You won’t, however, be able to spot a new MacBook Air by examining its display. They’re unchanged, sporting the same resolutions that date back to the second-generation 13″ MacBook Air (1440-by-900) and first-generation 11″ Air (1366-by-768), which Apple released in 2010. Back then, those qualified as high-resolution screens. But the pixel game has changed. Last year, the company released its first MacBook Pro with a Retina screen. This year, Ultrabooks such as Sony’s newest VAIOs and Toshiba’s KIRABook pack far more resolution than the Airs.

It’s not that Apple’s new machines are laggards: They still have bright, good-looking screens with higher resolutions than a goodly percentage of the Windows competition.
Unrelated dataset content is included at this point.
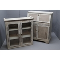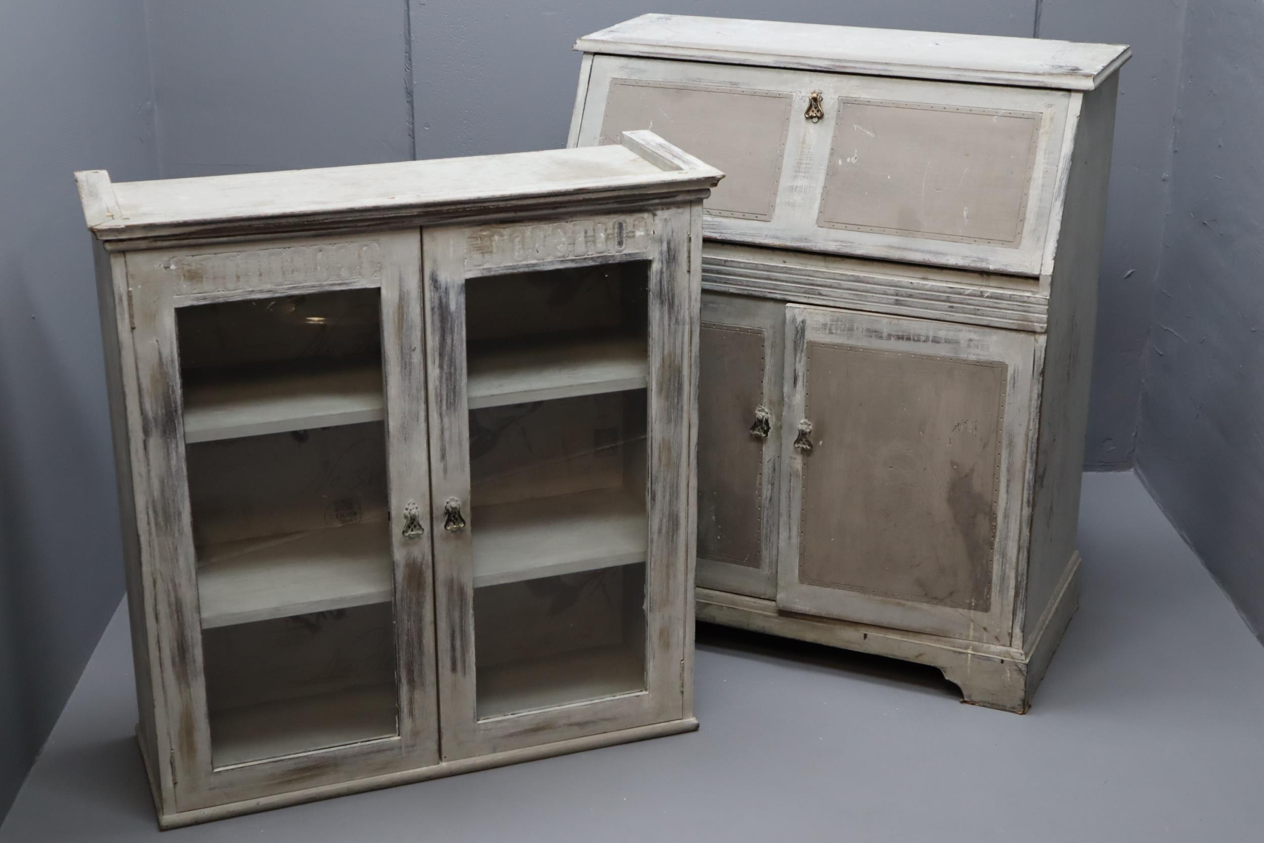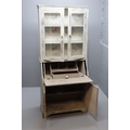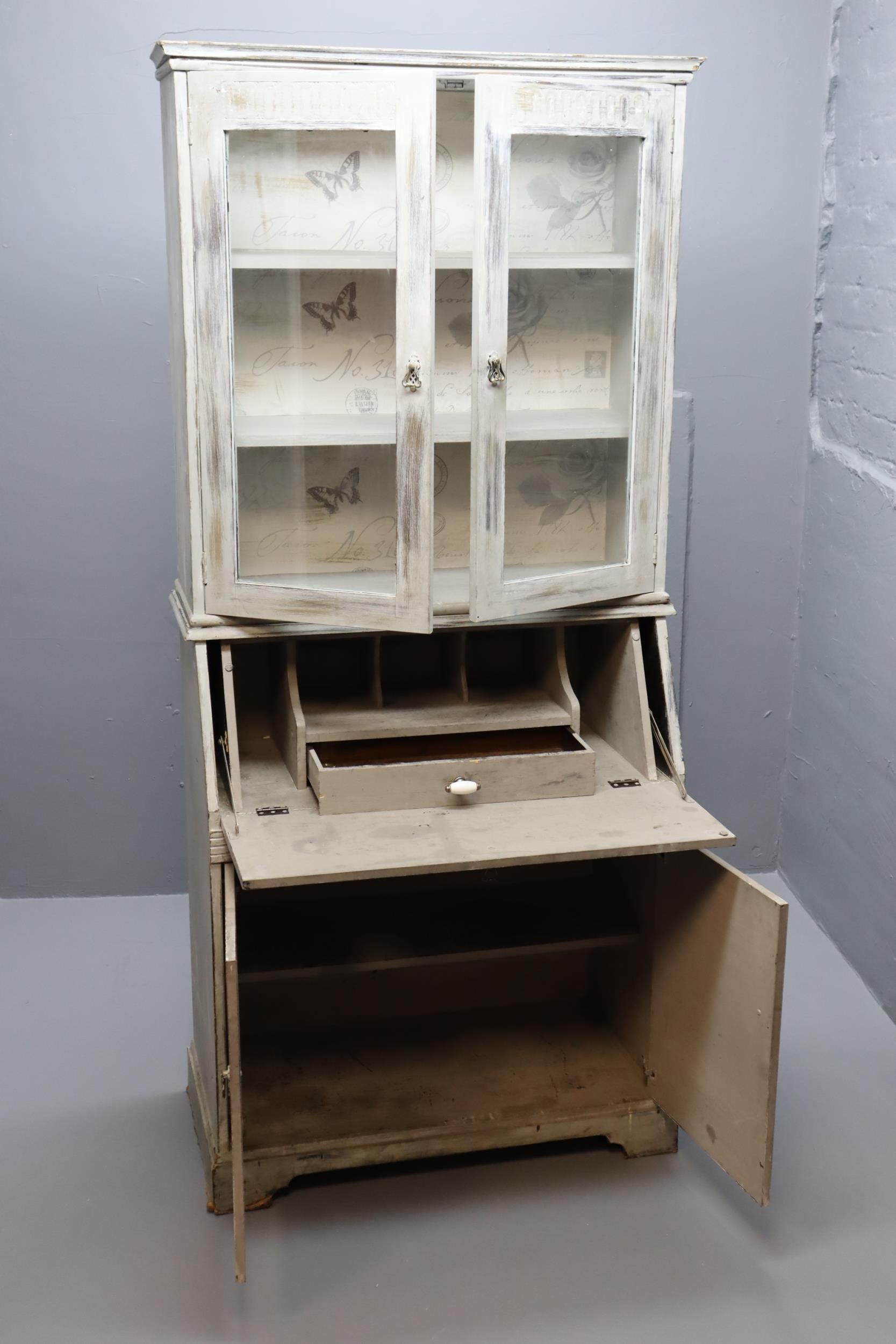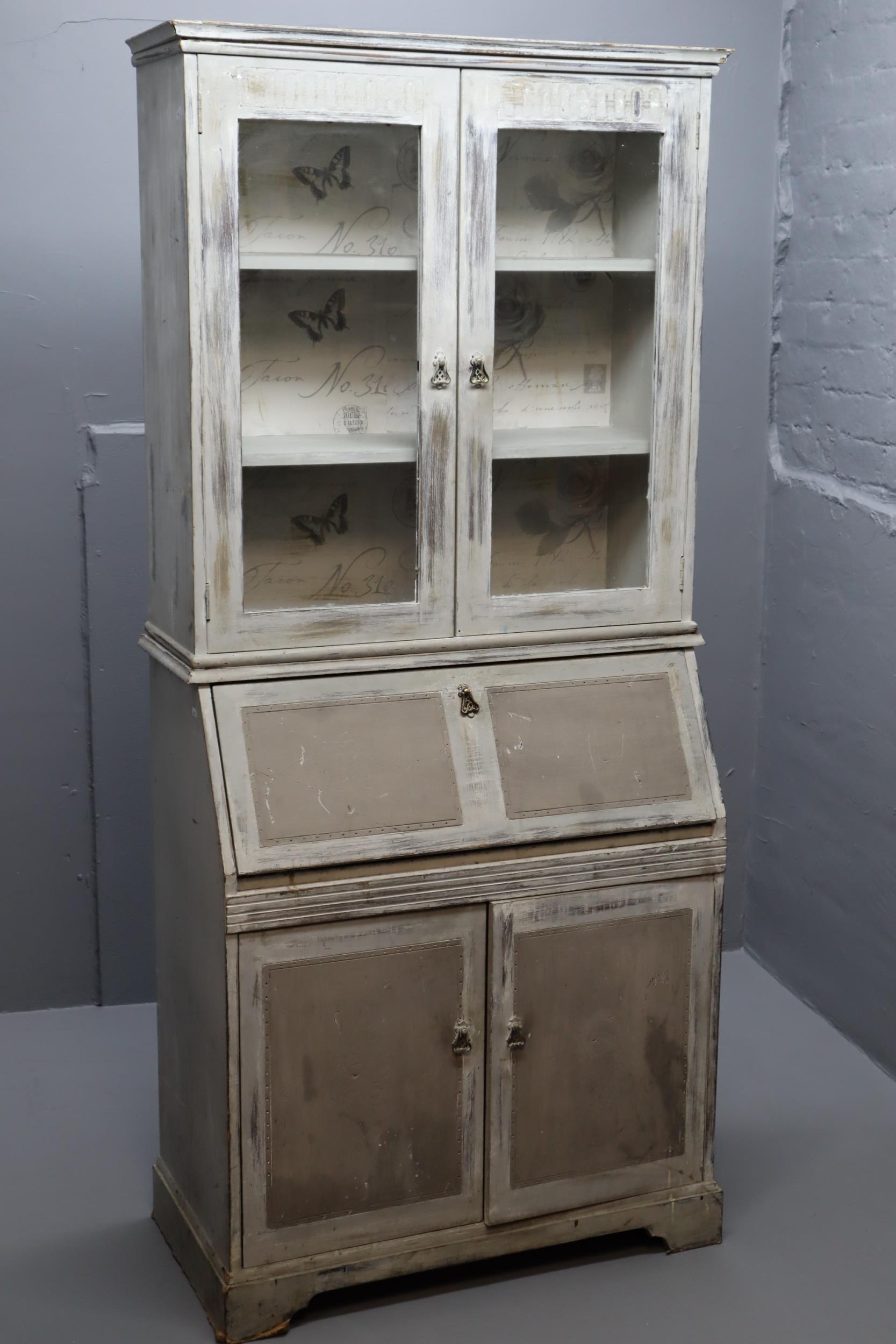 Large Two Piece Distressed Writing Bureau/ Book Display Unit with Glazed Doors and Perisian papered Backing splits in two for easy transport approx 75"x 34"x 17"

But they’re no longer leaders.

Me, I can live without Retina, a feature which would probably have resulted in lower battery life and higher prices. But I do hope I live to see the day when Apple outfits a MacBook Air with LTE broadband, a capability it offers as an affordable option for the full-size iPad and iPad Mini but has never built into any laptop.

Most of the other quibbles you might have with these computers are held over from the previous versions, and most stem from their whisper-thin cases, which taper off to .11″ at their skinniest point. As with other portable Macs, the RAM and storage are sealed in and non-upgradable. There’s a Thunderbolt port for various sorts of connections, including hookups to multiple display types, but no built-in HDMI for easy TV hookups. The 11″ model doesn’t even have an SD slot for camera memory cards, otherwise about as standard as a feature can get.

If any of these issues are deal-breakers for you, you probably weren’t tempted by the Airs in the first place. But for anyone who’s willing to lose some features to travel light, these new models show how much a single improvement can boost a computer’s appeal. These were already excellent ultraportable notebooks; now they’re excellent ultraportable notebooks that push battery life to new, productivity-changing heights.